I'm taking 5 minutes to blog, dammit, even if i don't have much to say.
We're still in packing hell.
I am currently at the shop, trying to take care of a few things while completely surrounded by boxes and more stuff that needs to be put into boxes.
It's been hard. It IS hard, and i am never, ever moving house and shop to another country again, with less than two weeks to pack.
Holy shitsnacks is that nowhere near enough, and for two people to handle alone?
No, too much.
But it'll be over soon, making way for entirely new problems, i'm sure, but mostly new adventures.
The stress of packing has brought out some anxiety, and anxiety brings out doubts.
I hadn't had them much before, cause i'm impulsive, i guess, but all of a sudden my brain was asking me if i'd thought this through (somewhat?), if moving to another country was even a good idea (i don't know, time will tell) and telling me, as anxiety brains do, that i can't handle it, it'll be too much, i'll break down or lose my shit eventually.

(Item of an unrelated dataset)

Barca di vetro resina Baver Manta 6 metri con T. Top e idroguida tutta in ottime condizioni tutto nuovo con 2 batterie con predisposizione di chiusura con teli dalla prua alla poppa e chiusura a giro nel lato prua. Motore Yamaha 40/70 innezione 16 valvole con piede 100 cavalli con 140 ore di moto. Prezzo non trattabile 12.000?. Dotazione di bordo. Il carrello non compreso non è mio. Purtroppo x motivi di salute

Sure, that's possible, but not likely. What seems impossible to deal with one day, often doesn't seem like such a huge deal the next.
One day at a time, and i'll be ok.
And Berlin will be fun, and different, and probably very frustrating. And it'll be an adventure.

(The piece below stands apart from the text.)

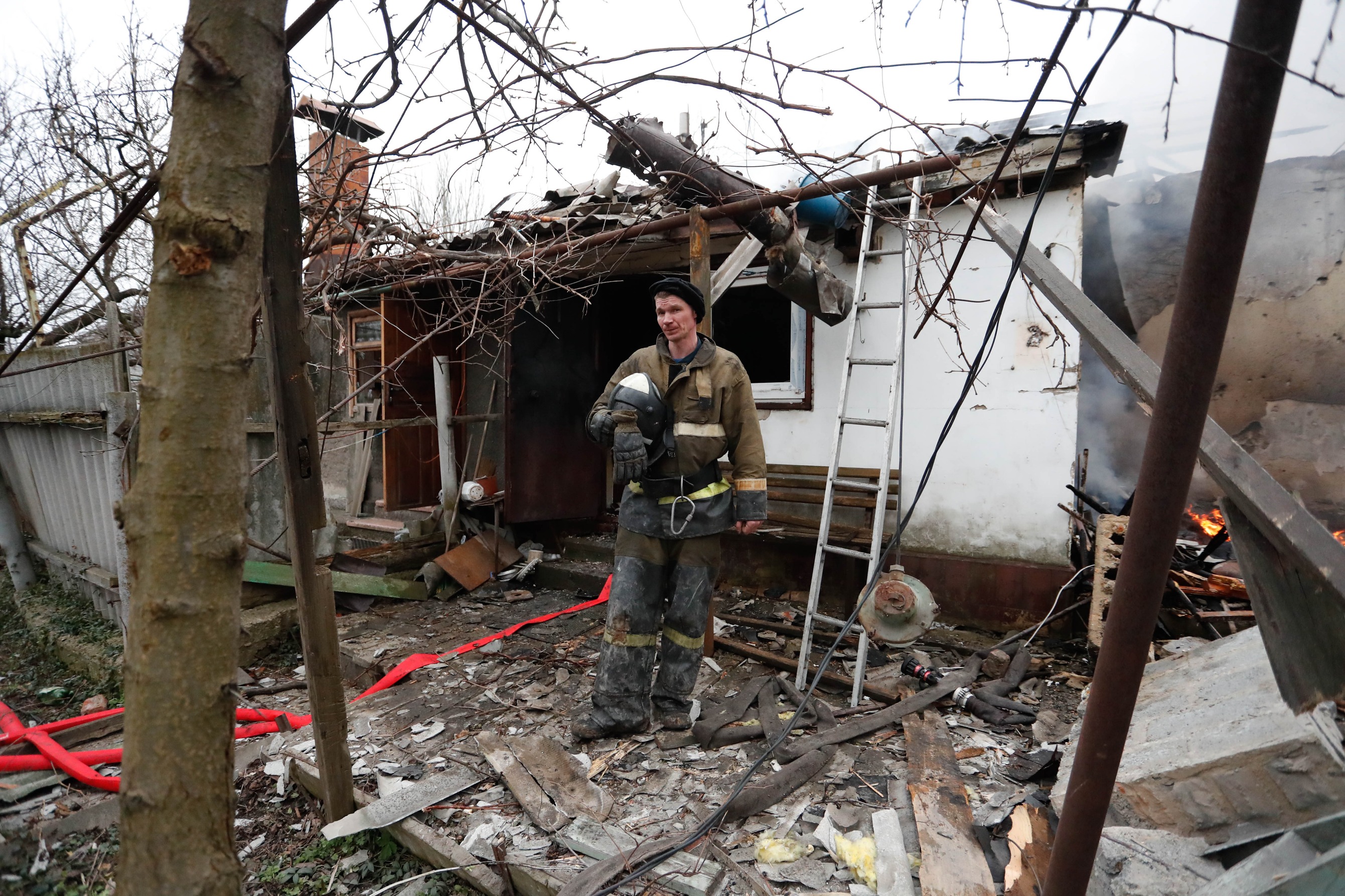 2月28日,在顿涅茨克,一名消防员站在损坏的房屋前。新华社发(维克多摄)

While packing at home, i found a letter to myself, written during as month i spent in an empty house in Goa with a Danish friend, two British dudes and a stray dog, in 2001.
It was pretty funny, hilarious actually, but it also happened to mention how good i am at adapting to new places.
And it's true, i had completely accepted living in India within two days, and whenever i'm in Japan, i feel like i could stay forever.
Maybe it's different with a place like Germany cause it's still very similar to Denmark, maybe too similar? But in any case, i'm trying to trust in my ability to adapt. Trust that it's still there.
And if not, then i at least still have my favorite dog, and my favorite person, there with me, and anywhere they are can't be that bad.
Someone came in and i lost my train of though, but whatever, i need to get back to packing anyway.
Last week i took 15 minutes out of my day to get a cheap haircut, and that's the best thing i've done for myself in a long time.
I tried no bangs for about a year and a half, but this, super short Vulcan bangs, is what i always come back to.
I feel like i look like myself again.
I'm not sure if i'll have time to post again before the move, so maybe the next post will be from Sarah's apartment where we're staying until our stuff arrives.
Wish us luck.
Before and after*
*I've been wearing the same work overalls for like a week... Allan and David are calling me a Doozer and believe the look increases my work efficiency!